Readers Exchange

Stories that turn you inside out

One should be careful what to wish for this week.  Only infrequently do I fondly remember Midwestern weather, but those snowed-in days were wonderful (as long as the power stayed on).   A pile-up of the white stuff invites cocooning and simmering vats of soup on the stove.  Best of all, one is absolved from attempting to go anywhere.


I’m an indoor person.   Structure and defined spaces provide security, strength.  Even the most exhilarating outdoor experience is complemented by the joy of returning to my own personal environment/refuge. 

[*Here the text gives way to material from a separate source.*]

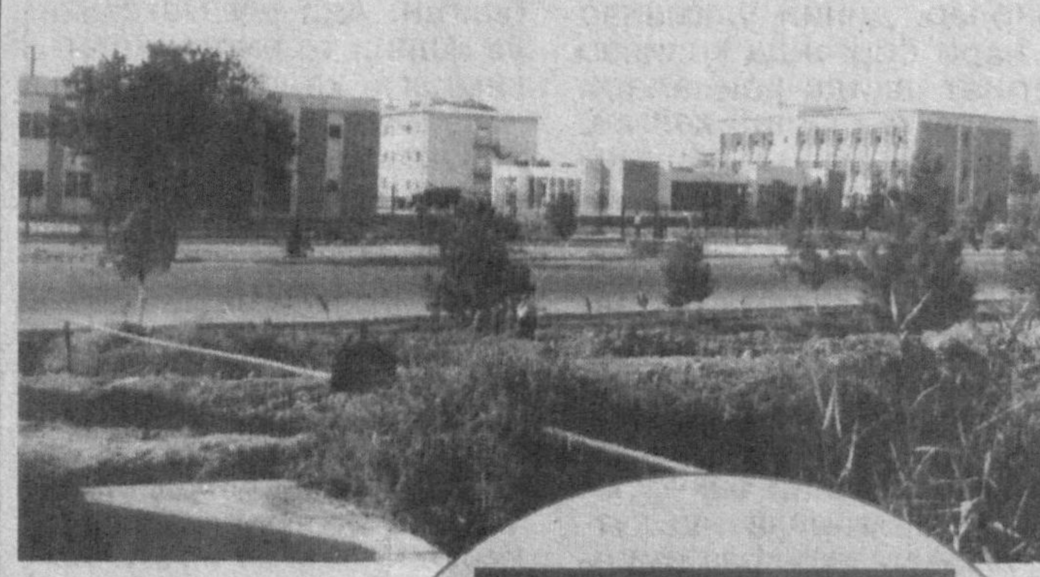
Суратда: Термиз хизмат кўрсатиш коллежи коллежга қўйилган бино кўринишлари

чиларимизнинг бир қисмини ҳали у ерга, ҳали бу ерга олиб кета бошладилар. Мен қарши қилдим. Вилоят раҳбарларига ёрдам сўраб бордим. Мана улар қўшамада қурилиш-таъмир ишлари ўз вақтида якунланди.

You may think otherwise, and two authors of recent experience could document your viewpoint convincingly.    I’m just finishing first-novelist Amy Sackville’s imaginative The Still Point, which I’d already have completed if I didn’t keep stalling; I won’t hasten to read those last few pages.  It’s not that I dread knowing the outcome; I’ve simply enjoyed containment in the special realm of reality that Sackville constructed.


The Still Point shifts between two quests:  turn-of-the-century Arctic explorer Edward Mackley’s venture to reach the “still point” at the top of the world, and his great-great niece Julia’s struggle for identity as she archives Edward’s expeditionary artifacts.  Julia and husband Simon inhabit the memorabilia-strewn family mansion, a venue which threatens rather than enhances their odds for happiness as long as Julia’s Sleeping Beauty-esque preoccupation with Edward’s century-old romance and mission persists.  Sackville’s descriptions of the forbidding winterland verge on the poetic, and she admirably sustains that suspended-between-worlds sensation that I’m now reluctant to abandon.


The second venturesome tale is a Mark Twain classic, the January selection for one of my discussion groups.  Roughing It, published in 1872, also straddles two dimensions: Twain’s actual escapades and his inventive wit (tall tale alert).   The author’s original few months exploring the American West expanded into a six-year odyssey, and readers are apt to perceive that Twain’s confidence and verbal acuity burgeoned right along with it.  Whereas the fictional Julia confronts a destructive interior environment, Twain derives strength from the ever-changing eccentricities of his rugged destination.


What else would we expect from a habitual risk-taker and early adopter who made and lost fortunes, who allegedly was the first to typewrite a manuscript submitted to a publisher, and who copyrighted himself to prevent unauthorized persons from using his persona?  And, with regard to the criticism sometimes directed toward Twain’s extravagantly designed house: I guess he just wasn’t an indoor kind of guy.